In August, the company announced the establishment of the Immuno-Oncology Rare Population Malignancy (I-O RPM) program in the U.S. The I-O RPM program is a multi-institutional initiative with academic-based cancer centers focused on the clinical investigation of Immuno-Oncology therapeutics as potential treatment options for patients with high risk, poor prognostic cancers, defined as a rare population malignancy. As part of the I-O RPM program, Bristol-Myers Squibb subsequently announced two collaborations:
In August, the company announced an agreement with the Robert H. Lurie Comprehensive Cancer Center of Northwestern University (Lurie Cancer Center) and the Northwestern Medicine Developmental Therapeutics Institute (NMDTI) whereby the Lurie Cancer Center and NMDTI will conduct a range of early phase clinical studies and Bristol-Myers Squibb will fund positions within the NMDTI Developmental Therapeutics Fellowship program.
In September, the company announced an agreement with Moffitt Cancer Center in which Bristol-Myers Squibb and Moffitt will conduct a range of early phase clinical studies, including clinical investigations by young investigators to strengthen their development as clinical research scientists.
In August, the company announced an agreement that grants Bristol-Myers Squibb an exclusive right to acquire Promedior, a company pioneering the development of targeted therapeutics to treat fibrotic diseases, and gain worldwide rights to its lead asset PRM-151, a recombinant form of human pentraxin-2 protein in Phase 2 development for the treatment of idiopathic pulmonary fibrosis (IPF) and myelofibrosis (MF). PRM-151 has been granted Fast Track designation in the U.S. and Orphan Designation in the U.S. and Europe for the treatment of MF, and Orphan Designation in the U.S. and Europe for the treatment of IPF.

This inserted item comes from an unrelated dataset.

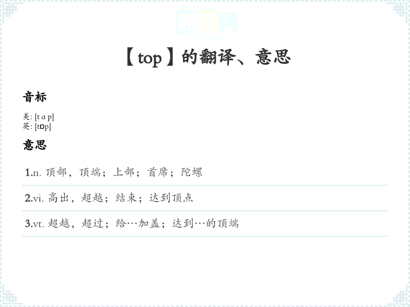 top的字面含义是“顶部”或“最高点”,指某物的最上面部分。 - 词性:名词、动词、形容词。

In August, the company announced a research collaboration and license agreement with QIMR Berghofer Medical Research Institute to discover novel therapeutic antibodies against an undisclosed Immuno-Oncology target.
In July, the company announced a clinical trial collaboration agreement with Kyowa Hakko Kirin Co., Ltd., to conduct a Phase 1/Phase 2 combination study of Opdivo and mogamulizumab, an anti-CCR4 antibody. The study, which will be conducted in the U.S., will focus on evaluating the safety, tolerability and anti-tumor activity of combining mogamulizumab and Opdivo as a potential treatment option for patients with advanced or metastatic solid tumors.
2015 FINANCIAL GUIDANCE
Bristol-Myers Squibb is refining its 2015 GAAP EPS guidance range from $1.02 – $1.12 to $1.02 – $1.07. The company is increasing its non-GAAP EPS guidance range from $1.70 – $1.80 to $1.85 – $1.90. Both GAAP and non-GAAP guidance assume current exchange rates and that the R&D tax credit will be extended by Congress in 2015. Key revised 2015 non-GAAP line-item guidance assumptions include:
Worldwide revenues between $16.0 and $16.4 billion.
An effective tax rate of approximately 20%.